Sten Hagelvoll schrieb:


> Mal 'ne kurze Zwischenfrage, was hat denn z.Bsp. meine Sargus für ein Getriebe?



Kein Problem..........
Deine Sargus hat ein Zahnradgetriebe.|supergri


MfG Algon


----------



## Merlin (16. Juni 2010)

*AW: Zinkgußgetriebe ok ?*

Was ist denn ein Zahnradgetriebe :q


----------



## taxel (16. Juni 2010)

*AW: Zinkgußgetriebe ok ?*

Das funktioniert, in dem Öl und Pressluft in elektrische Energie umgewandelt werden.


----------



## Tisie (16. Juni 2010)

*AW: Zinkgußgetriebe ok ?*

Hallo Algon,



Algon schrieb:


> unter grundsätzlich verstehe ich was anderes, aber egal.


Du hast Deine Aussage nicht auf Anwendungsfehler eingegrenzt, d.h. daß eine 2500er Rolle grundsätzlich beim Drill eines 85er Hechtes kaputt gehen kann und das bestreite ich eben, wenn die Rolle ordentlich konstruiert wurde, keine Materialfehler hat und mit einem passendem Setup ohne grobe Anwendungsfehler eingesetzt wird.



stichling-hunter schrieb:


> Denke schon dass ich immer ein passendes "Setup" zusammenstelle.
> In diesem Fall war es die genannte 2500er TP geparrt mit einer Aspire 240 mh (15-40g), als Schnur hab ich eine 4,5kg Suffix Braid drauf.

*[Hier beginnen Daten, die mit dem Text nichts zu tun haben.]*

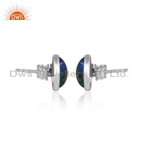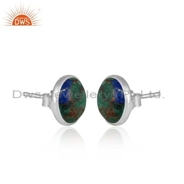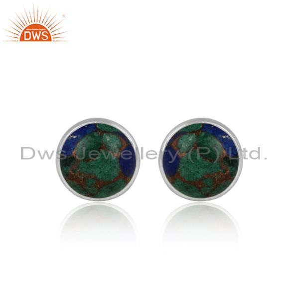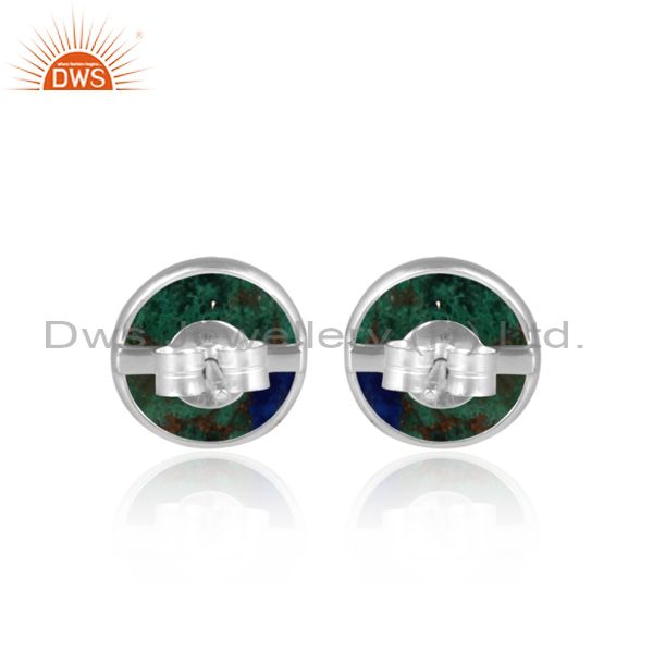 Round Mojave Copper Azurite Malachite Fine Silver Earrings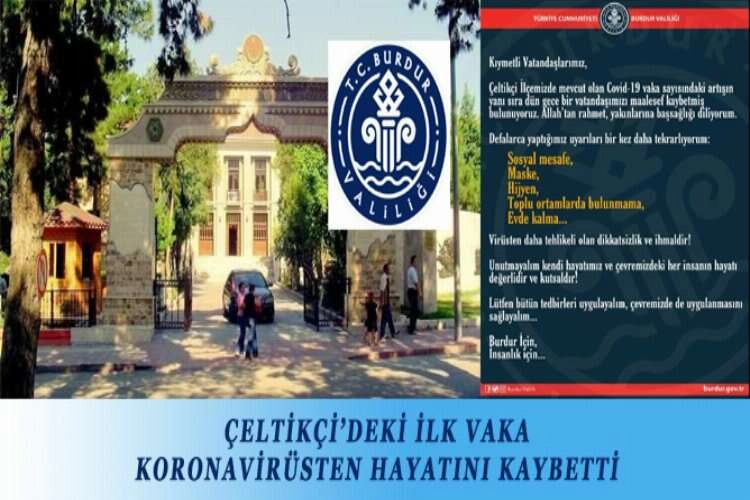 Çeltikçi’deki ilk koronavirüs vakasına yakalanan ve 26 Nisan tarihinden bu yana Bucak Devlet Hastanesi’nde tedavi gören kişi Çarşamba gecesi hayatını kaybetti. Vali Hasan Şıldak, yaptığı paylaşımda; “Kıymetli Vatandaşlarımız, Çeltikçi ilçesinde mevcut olan Covid-19 vaka sayısındaki artışın yanı sıra dün gece bir vatandaşımızı kaybetmiş bulunuyoruz. Allah’tan rahmet yakınlarına başsağlığı diliyorum. Defalarca yaptığımız uyarıları bir kez daha tekrar ediyorum. Sosyal mesafe, maske, Hijyen, toplu ortamlarda bulunmama, Evde kalma. Virüsten daha tehlikeli olan dikkatsizlik ve ihmaldir. Unutmayalım kendi hayatımız ve çevremizdeki her insanın hayatı değerlidir ve kutsaldır. Lütfen bütün tedbirleri uygulayalım ve çevremizde de uygulanmasını sağlayalım. Burdur İçin, İnsanlık İçin…”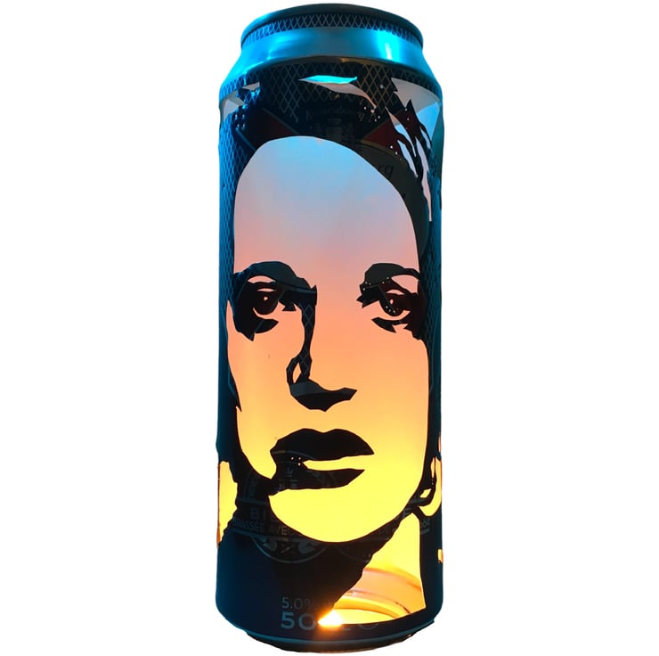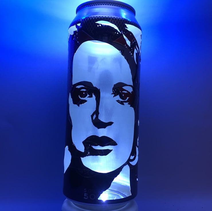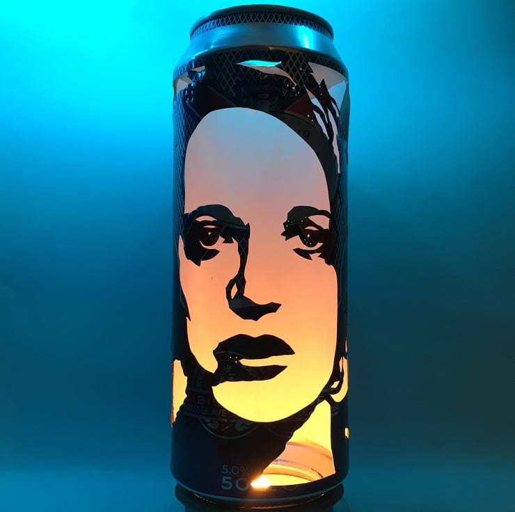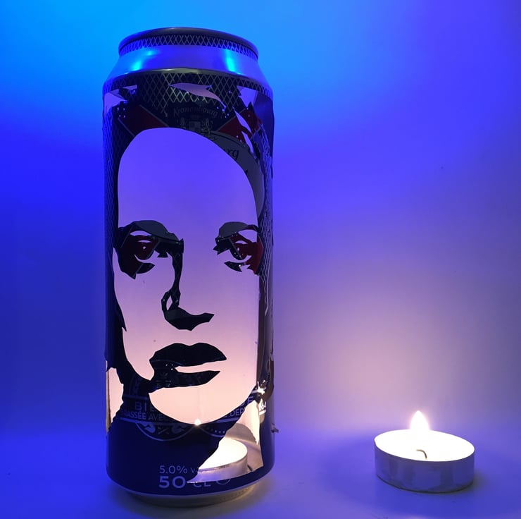 Each piece is a recycled beer can, hand-carved by the artist with a craft knife to create an amazing visual effect. The simple addition of a tealight candle turns each can into a unique portrait lantern featuring a striking silhouette image.

Das ist ein absolut stimmiges Setup #6



stichling-hunter schrieb:


> Drillen tu ich immer sehr konsequent, zum einen um ein eventuelles zurücksetzen zu ermöglichen und zum anderen um den Fisch von Unterständen fern zuhalten (da muss man manchmal schon sehr stark pumpen und kurbeln). Aber wie gesagt es lag wohl eher an einem Materialfehler als an falscher Benutzung!


Genauso handhabe ich das auch #6 ... wichtig erscheint mir, daß im Moment des Kurbelns nicht zu viel Druck auf die Rolle kommt, da dieser direkt auf's Getriebe/Wormshaft wirkt. Wenn der Fisch Druck macht, halte ich dagegen (ohne zu kurbeln - macht ja auch keinen Sinn), wenn der Druck nachläßt, nehme ich Schnur auf (beim Pumpen nur in der Abwärtsbewegung der Rute = weniger Druck). Hat bisher immer gut funktioniert, auch bei größeren Fischen und straffer Bremseinstellung.



Algon schrieb:


> Diese Combo wäre mir für diese Fische zu leicht. Mal einen ja, aber mehrere?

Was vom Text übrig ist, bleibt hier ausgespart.